Answer:
3.57 mg
Step-by-step explanation:
The following data were obtained from the question:
Half life (t½) = 12.3 years
Original amount (N₀) = 57.0 mg
Time (t) = 49.2 years
Amount remaining (N) =?
Next, we shall determine the rate of disintegration.
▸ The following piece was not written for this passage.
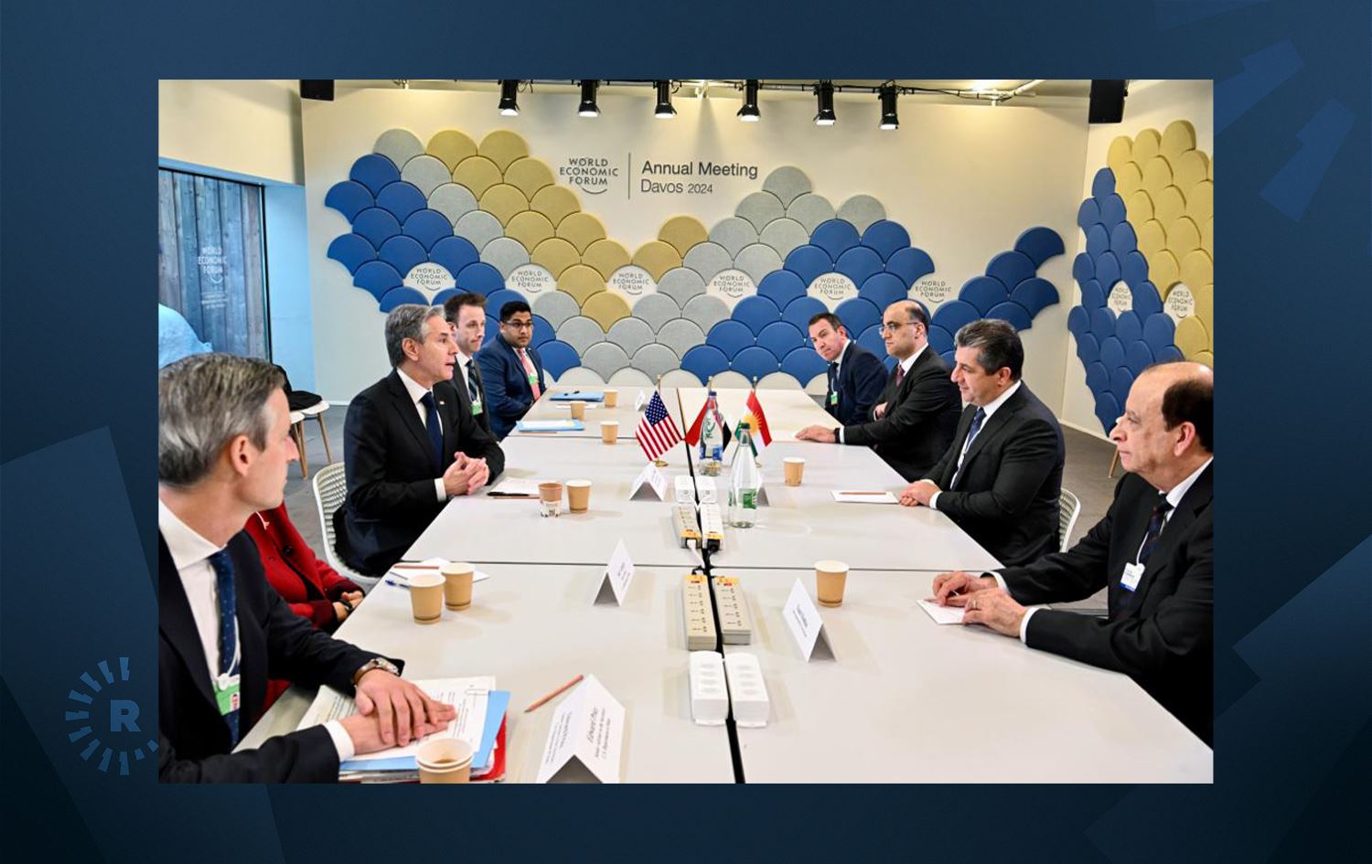 کۆبوونەوەی مەسرور بارزانی، سەرۆکوەزیرانی هەرێمی کوردستان و ئەنتۆنی بلینکن، وەزیری دەرەوەی ئەمریکا لە داڤۆس، رۆژی 16-1-2024. وێنە: KRG

This can be obtained as follow:
Half life (t½) = 12.3 years
Decay constant (K) =.?
K = 0.693 / t½
K = 0.693 / 12.3
K = 0.0563 /year
Finally, we shall determine the amount remaining after 49.2 years as shown below:
Original amount (N₀) = 57.0 mg
Time (t) = 49.2 years
Decay constant (K) = 0.0563 /year
Amount remaining (N) =?
Log (N₀/N) = kt / 2.303
Log (57/N) = (0.0563 × 49.2) / 2.303
Log (57/N) = 2.76996 / 2.303
Log (57/N) = 1.2028
Take the anti log of 1.2028
(57/N) = anti log (1.2028)
57/N = 15.95
Cross multiply
57 = N × 15.95
Divide both side by 15.95
N = 57 / 15.95
N = 3.57 mg
Thus, 3.57 mg of the nuclide will be remaining after 49.2 years.